◆ Work order ◆
In the entries below, repeat only the lines between those holding "20分鐘后,然氣搶險隊及時趕" and "中國設(shè)備維修安裝企業(yè)能力等級(jí)證書", inclusive. Leave pictures out.

◆ Records for processing ◆
⁂

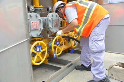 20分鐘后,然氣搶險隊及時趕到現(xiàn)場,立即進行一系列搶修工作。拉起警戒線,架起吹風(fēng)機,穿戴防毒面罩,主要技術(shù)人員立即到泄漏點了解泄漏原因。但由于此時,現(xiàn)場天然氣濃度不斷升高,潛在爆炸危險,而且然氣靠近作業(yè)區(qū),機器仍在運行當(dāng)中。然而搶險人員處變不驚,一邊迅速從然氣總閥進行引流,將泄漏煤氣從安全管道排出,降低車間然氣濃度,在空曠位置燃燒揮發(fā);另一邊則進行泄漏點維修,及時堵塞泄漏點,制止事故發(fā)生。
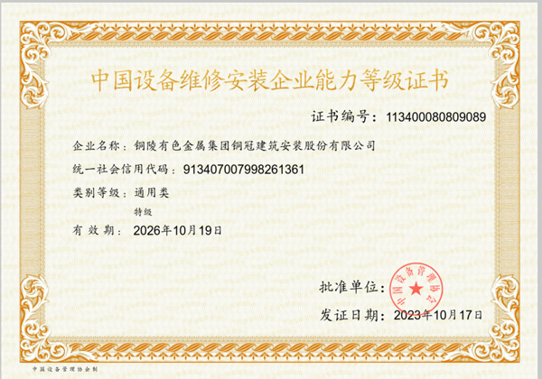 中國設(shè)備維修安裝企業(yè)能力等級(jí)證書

⁂

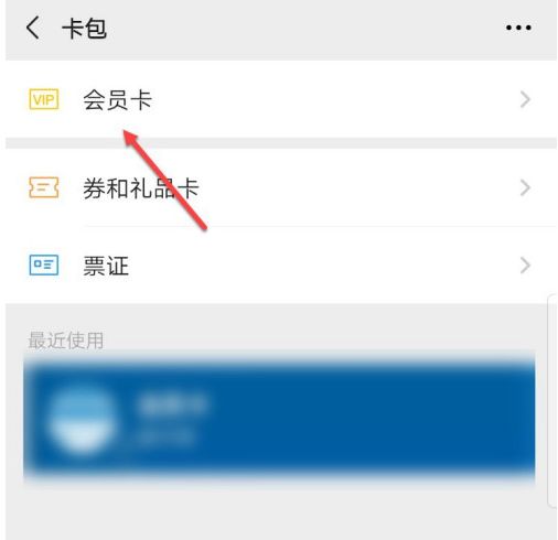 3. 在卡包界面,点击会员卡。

⁂

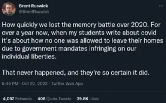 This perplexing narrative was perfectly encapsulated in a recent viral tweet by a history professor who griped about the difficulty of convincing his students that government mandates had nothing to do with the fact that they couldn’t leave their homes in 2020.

⁂

◆ Exercise result ◆
 20分鐘后,然氣搶險隊及時趕到現(xiàn)場,立即進行一系列搶修工作。拉起警戒線,架起吹風(fēng)機,穿戴防毒面罩,主要技術(shù)人員立即到泄漏點了解泄漏原因。但由于此時,現(xiàn)場天然氣濃度不斷升高,潛在爆炸危險,而且然氣靠近作業(yè)區(qū),機器仍在運行當(dāng)中。然而搶險人員處變不驚,一邊迅速從然氣總閥進行引流,將泄漏煤氣從安全管道排出,降低車間然氣濃度,在空曠位置燃燒揮發(fā);另一邊則進行泄漏點維修,及時堵塞泄漏點,制止事故發(fā)生。
 中國設(shè)備維修安裝企業(yè)能力等級(jí)證書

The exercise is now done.